__TASK DATA__
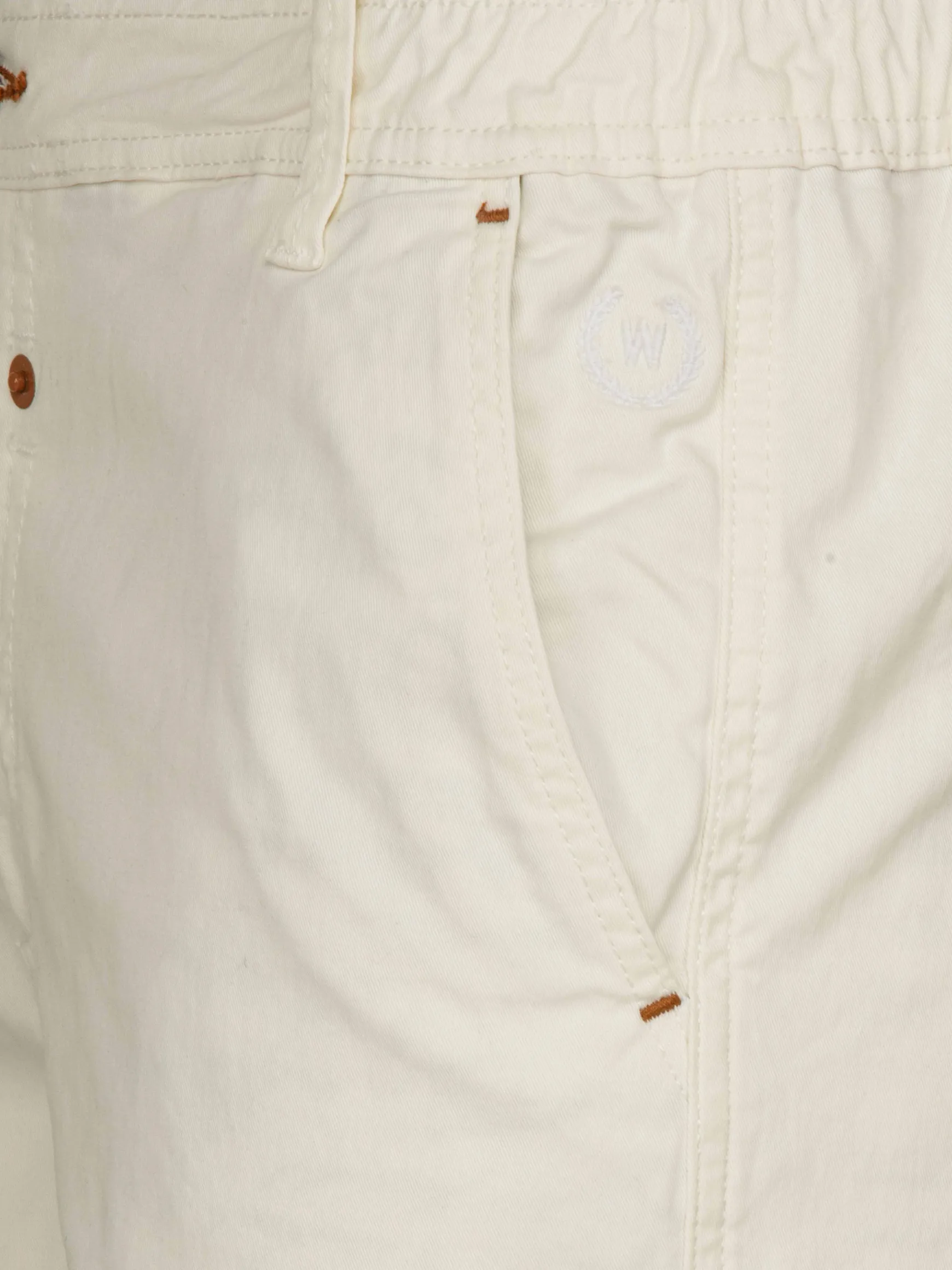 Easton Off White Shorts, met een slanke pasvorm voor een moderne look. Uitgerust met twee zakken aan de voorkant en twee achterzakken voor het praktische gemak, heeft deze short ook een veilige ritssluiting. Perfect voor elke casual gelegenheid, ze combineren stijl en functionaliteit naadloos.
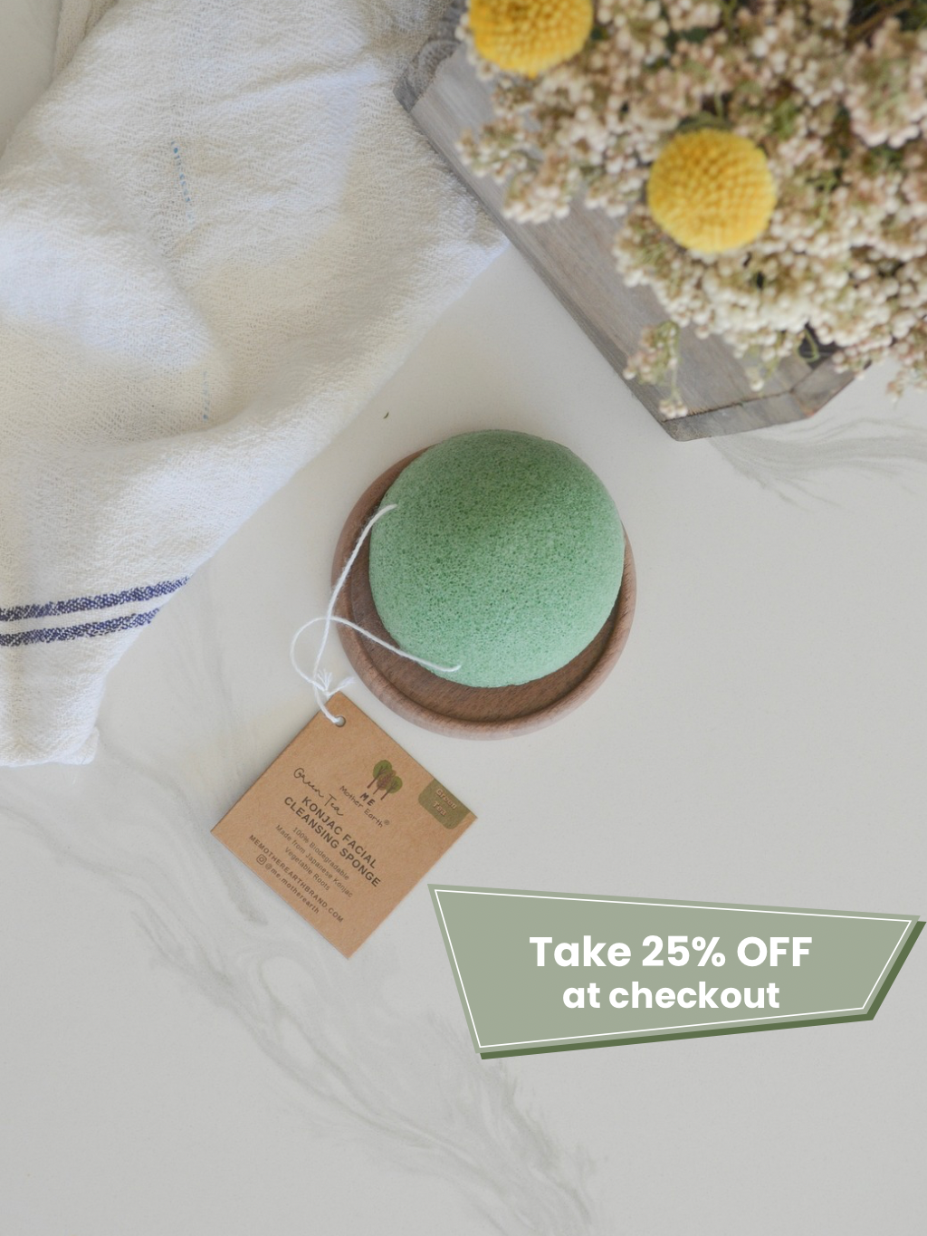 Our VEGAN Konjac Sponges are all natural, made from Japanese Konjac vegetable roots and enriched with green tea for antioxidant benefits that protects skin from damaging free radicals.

--

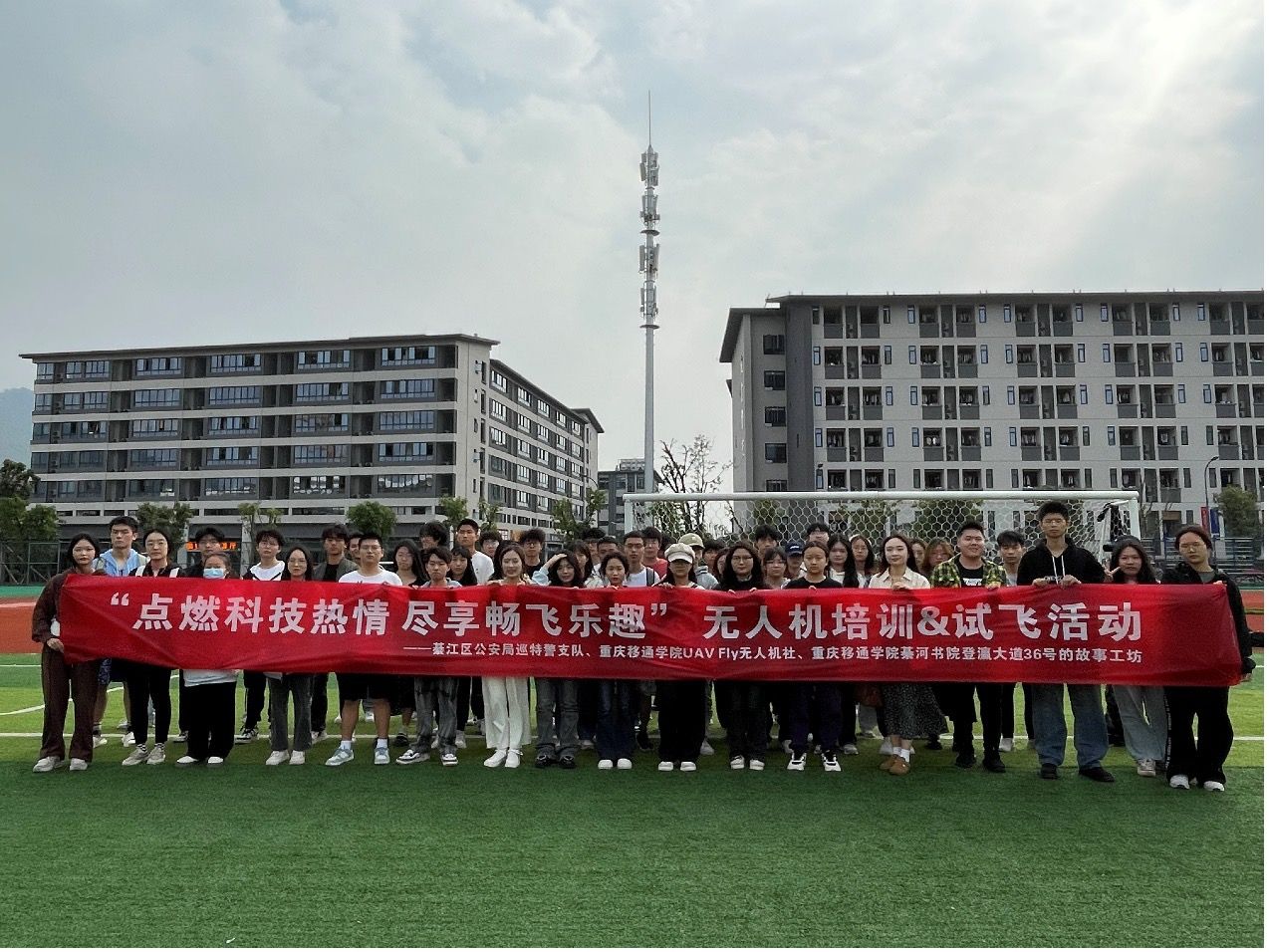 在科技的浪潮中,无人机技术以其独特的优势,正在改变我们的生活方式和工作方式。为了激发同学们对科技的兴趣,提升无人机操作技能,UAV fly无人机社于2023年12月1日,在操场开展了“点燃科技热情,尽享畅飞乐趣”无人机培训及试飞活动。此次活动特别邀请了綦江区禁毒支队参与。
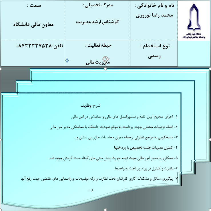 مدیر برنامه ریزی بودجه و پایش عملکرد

--

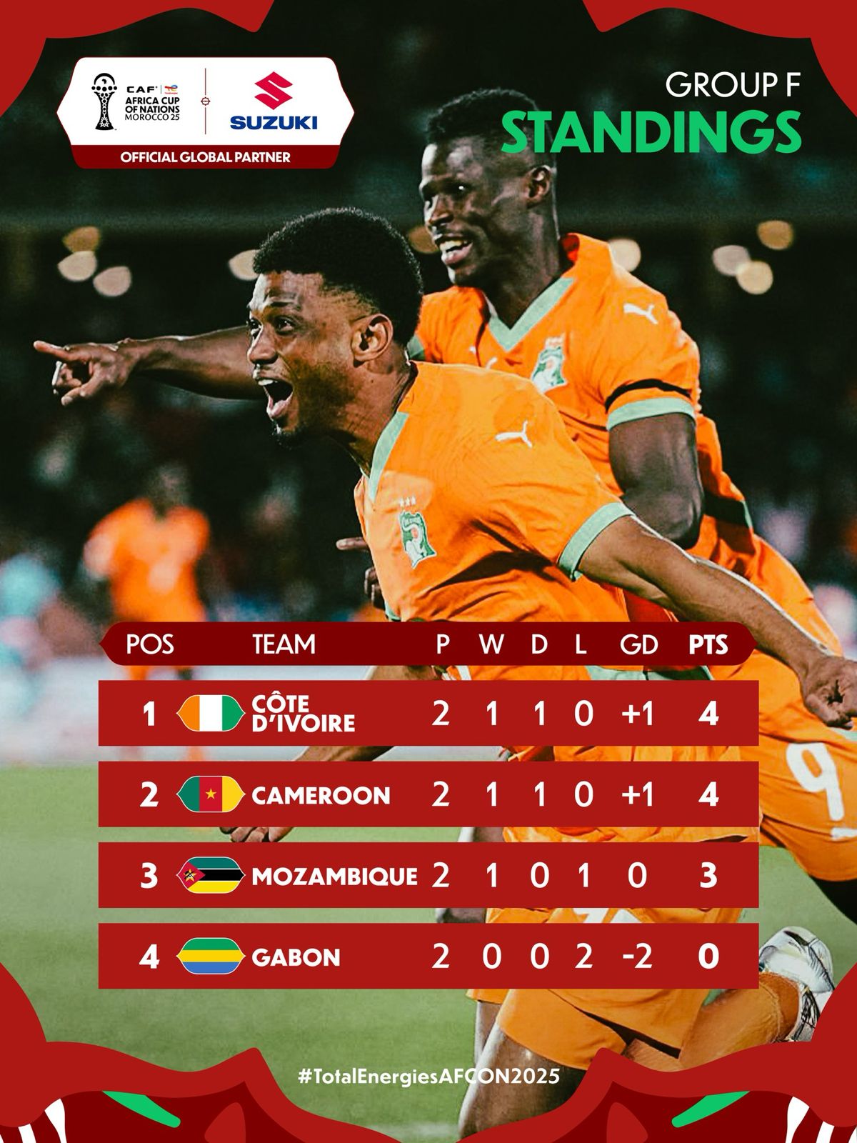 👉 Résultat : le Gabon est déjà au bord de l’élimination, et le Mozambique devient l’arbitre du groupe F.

__WORK TO COMPLETE__
Look above for the line with "在科技的浪潮中,无人机技术以" and the line with "مدیر برنامه ریزی بودجه و پایش عملکرد"; set down those two lines and all lines between them exactly, without pictures and without anything else.

__RESPONSE TO THIS TASK__
 在科技的浪潮中,无人机技术以其独特的优势,正在改变我们的生活方式和工作方式。为了激发同学们对科技的兴趣,提升无人机操作技能,UAV fly无人机社于2023年12月1日,在操场开展了“点燃科技热情,尽享畅飞乐趣”无人机培训及试飞活动。此次活动特别邀请了綦江区禁毒支队参与。
 مدیر برنامه ریزی بودجه و پایش عملکرد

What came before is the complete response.